I still don't believe an ETOPS airliner can have BOTH engines display the same behaviour at the SAME time due to fuel freezing or boost pump contamination.
Doubtless your concern is not yours alone, which is perhaps one reason we don't have "the answer" from the NTSB yet. But keep in mind the current theory isn't just "fuel freezing". That is only part of the problem.
The current theory runs like this: during cruise the fuel flow was fairly light and equal, and both lines iced up about equally. Not enough to starve the engines, but enough to restrict flow to about the current flow.
Now the plane descends and warms. The ambient is warmer than the fuel, and the line going down the engine support is quite warm on the outside. The ice begins to thaw nearest the tubing wall, but is still frozen inside. We now have a lot of "loose" slush, but because it is impacted and has minimal flow past the inside (and thus minimum pressure exerted on the ice mass) it isn't going anywhere.
Now the plane has to counter some ground turbulance, and as it just happens, this results in three cycles of rythmically increasing and decreasing fuel flow. You may have experienced how one push on something stuck won't get it lose, but if you push on it rythmically a few times you will eventually get it lose. This isn't just your imagination; there are well-understood reasons why this happens.

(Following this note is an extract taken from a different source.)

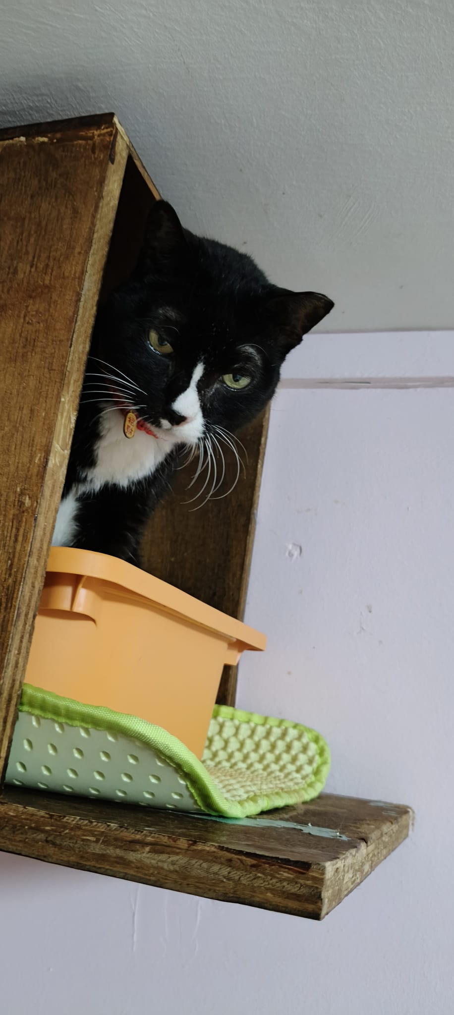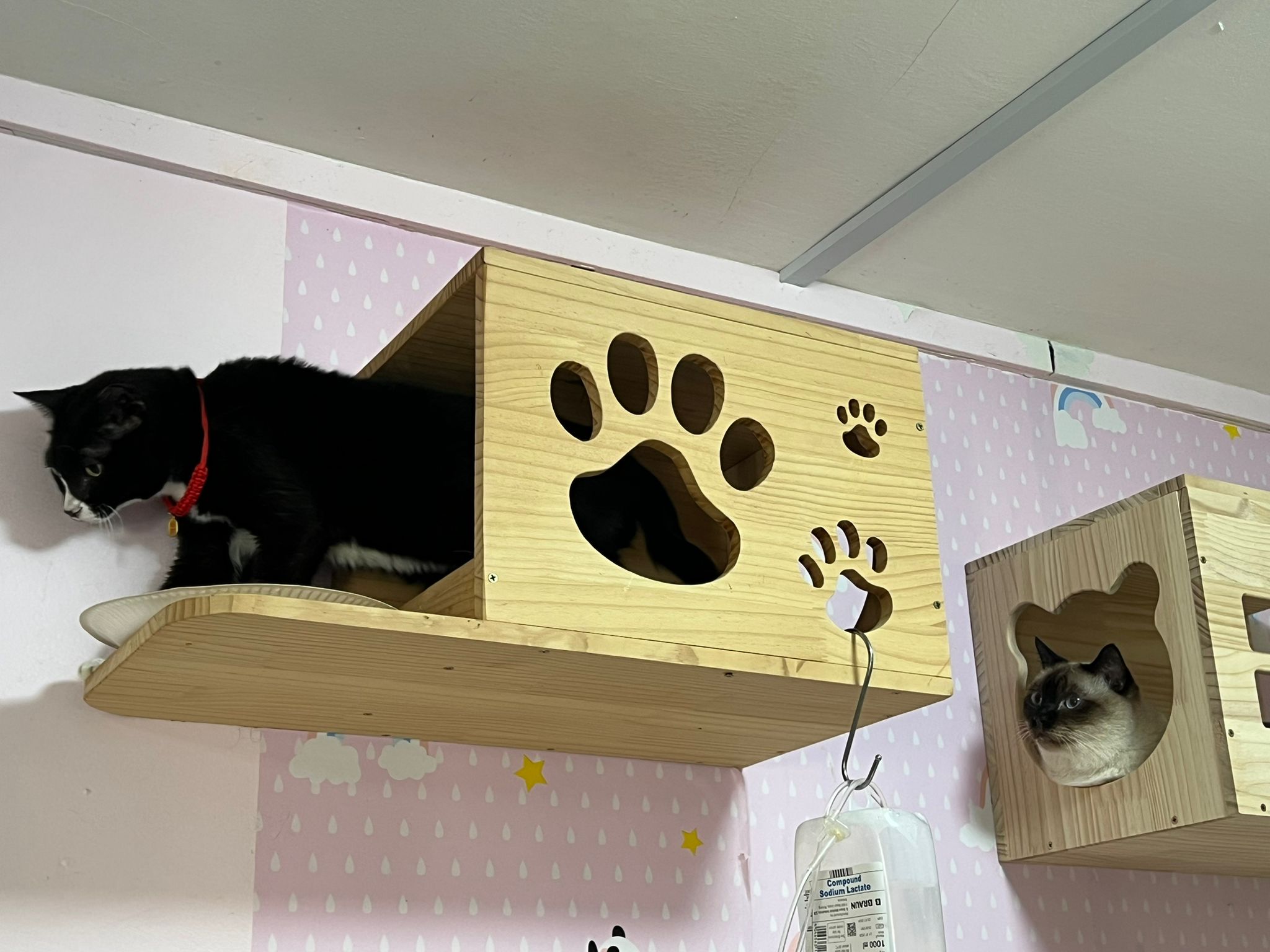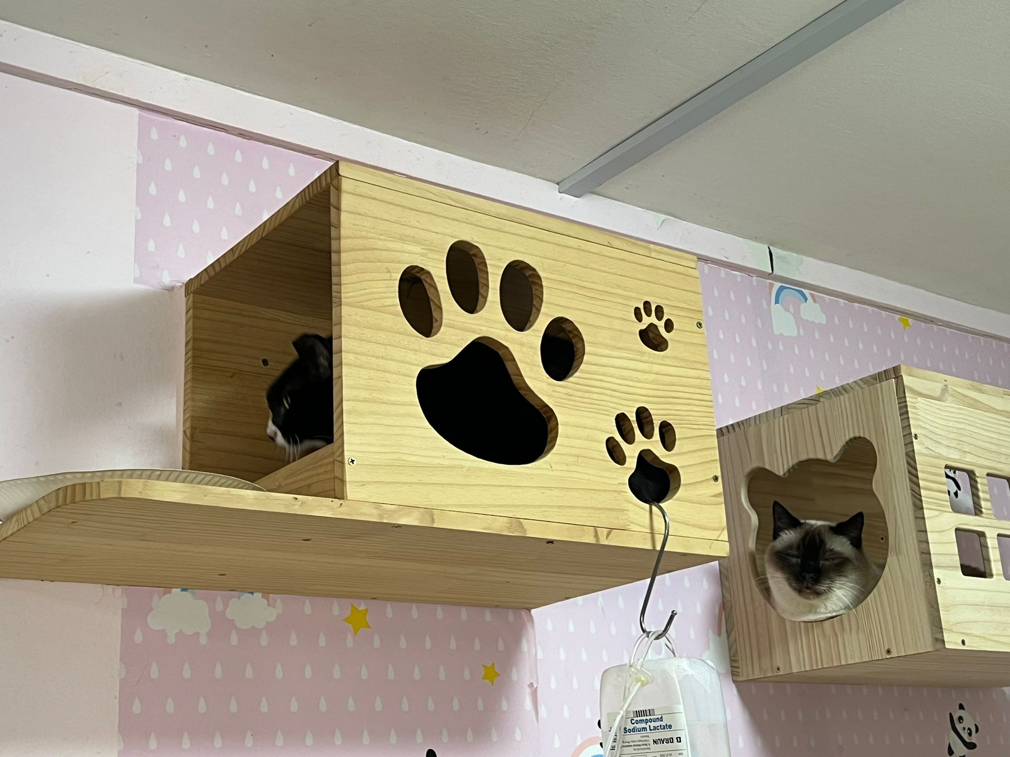Morning; i clear her poo but I didn’t check hardness. Subcut her. Let her rest on big bed, sena stay near, Mimi smell her n hiss. Told her sena is staff nurse. And I’m installing new platform for her to jump up next time on her own. Let her get used to the old folks ard her. Most of the kiddo didn’t come disturb her
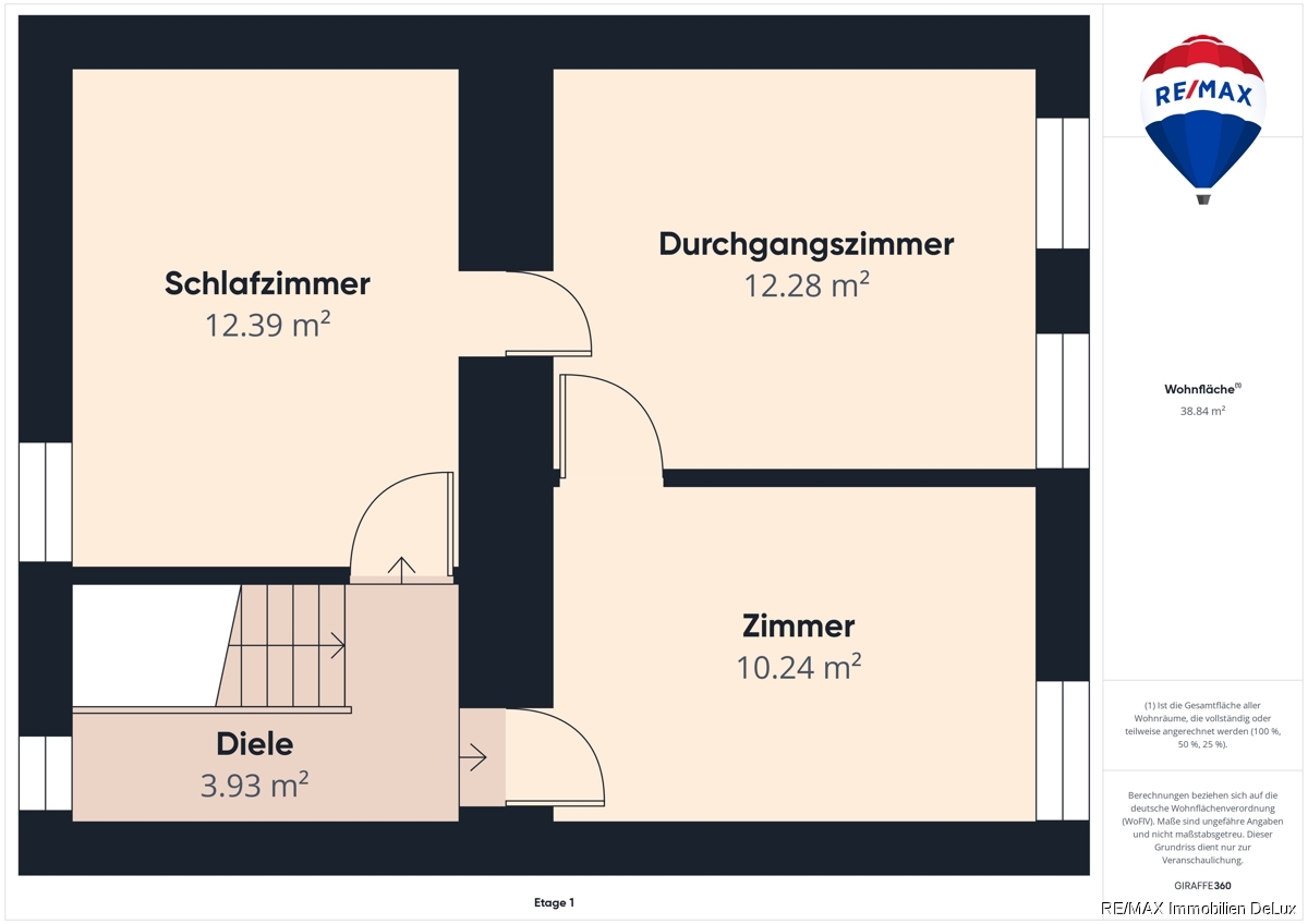 Provision: Die Maklerprovision in Höhe von 3,57 % des Kaufpreises inkl. 19 % MwSt. ist mit Abschluss des Vertrages verdient und fällig. RE/MAX erhält einen unmittelbaren Zahlungsanspruch gegenüber dem Käufer zugunsten Dritter, § 328 BGB). Hinweis: Bitte beachten Sie, dass dieses Angebot anhand der uns vom Eigentümer zur Verfügung gestellten Daten und Unterlagen erstell wurden. Trotz aller Sorgfalt können wir für die Richtigkeit und Vollständigkeit der Angaben keine Gewähr übernehmen. Verbrauchsinformation. Online-Streitbeilegung gemäß Art. 14 Abs. 1 ODR-VO: Die Europäische Kommission stellt eine Plattform zur Online-Streitbeilegung (OS) bereit, die Sie hier finden: ec.europa.eu/consumers/odr

The theory seems to go that this has broken lose the ice in the lines, and probably got some (but not all) of it down to the heat exchanger.
Now finally there is a call on both engines for massive fuel flow compared to what has gone before. This causes all the ice to break loose and pile up against some obstruction, resulting in a major blockage. It is possible this obstruction was the heat exchanger. It is possible that it was some place upstream in the fuel piping that has not yet been identified. The result would be approximately the same, but not identical.
So there is a solid theory, based on both physics and experiment, that can (almost) account for the observed symptoms in the crash. There is also a demonstrated way (blocking the heat exchanger) that
could cause this result. So there is reason to fix the heat exchanger post haste. The problem is that blocking the heat exchanger doesn't quite account for
all of the observed symptons. So they can't say "fix the heat exchanger, case closed". More research is unfortunately needed, and probably solutions to other problems once they are discovered.